Supplied data.
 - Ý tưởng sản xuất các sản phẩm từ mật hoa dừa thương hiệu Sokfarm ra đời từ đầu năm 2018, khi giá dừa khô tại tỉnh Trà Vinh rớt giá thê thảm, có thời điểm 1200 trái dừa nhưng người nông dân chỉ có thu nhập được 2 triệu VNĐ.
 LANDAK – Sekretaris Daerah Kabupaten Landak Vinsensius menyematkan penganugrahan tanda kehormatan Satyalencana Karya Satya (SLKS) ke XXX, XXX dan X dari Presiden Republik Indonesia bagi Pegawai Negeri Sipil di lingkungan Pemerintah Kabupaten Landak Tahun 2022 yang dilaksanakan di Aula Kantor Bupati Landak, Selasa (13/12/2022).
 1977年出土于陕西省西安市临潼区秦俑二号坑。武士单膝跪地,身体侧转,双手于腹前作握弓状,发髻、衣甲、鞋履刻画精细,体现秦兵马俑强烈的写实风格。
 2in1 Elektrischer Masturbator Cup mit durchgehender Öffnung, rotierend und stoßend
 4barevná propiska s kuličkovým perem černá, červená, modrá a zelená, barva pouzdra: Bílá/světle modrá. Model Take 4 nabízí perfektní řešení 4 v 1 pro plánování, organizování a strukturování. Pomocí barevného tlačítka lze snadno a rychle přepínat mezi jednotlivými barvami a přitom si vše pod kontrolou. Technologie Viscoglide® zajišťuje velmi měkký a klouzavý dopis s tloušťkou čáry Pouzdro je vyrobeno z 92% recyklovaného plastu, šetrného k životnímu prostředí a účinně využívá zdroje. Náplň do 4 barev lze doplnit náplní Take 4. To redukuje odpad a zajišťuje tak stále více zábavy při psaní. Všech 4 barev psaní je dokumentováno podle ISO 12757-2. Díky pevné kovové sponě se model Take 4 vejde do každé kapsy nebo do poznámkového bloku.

==

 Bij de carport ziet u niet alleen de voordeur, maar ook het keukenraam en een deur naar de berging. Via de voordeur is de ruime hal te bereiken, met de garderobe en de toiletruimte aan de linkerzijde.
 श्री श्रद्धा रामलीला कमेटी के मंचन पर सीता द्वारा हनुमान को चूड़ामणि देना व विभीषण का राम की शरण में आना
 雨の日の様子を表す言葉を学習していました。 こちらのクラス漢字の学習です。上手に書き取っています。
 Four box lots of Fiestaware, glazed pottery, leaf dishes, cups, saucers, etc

Required action.
In the listing above, the lines from the one containing "雨の日の様子を表す言葉を学習" through the one containing "Four box lots" must be set down exactly, with no other lines.

Response for this exercise.
 雨の日の様子を表す言葉を学習していました。 こちらのクラス漢字の学習です。上手に書き取っています。
 Four box lots of Fiestaware, glazed pottery, leaf dishes, cups, saucers, etc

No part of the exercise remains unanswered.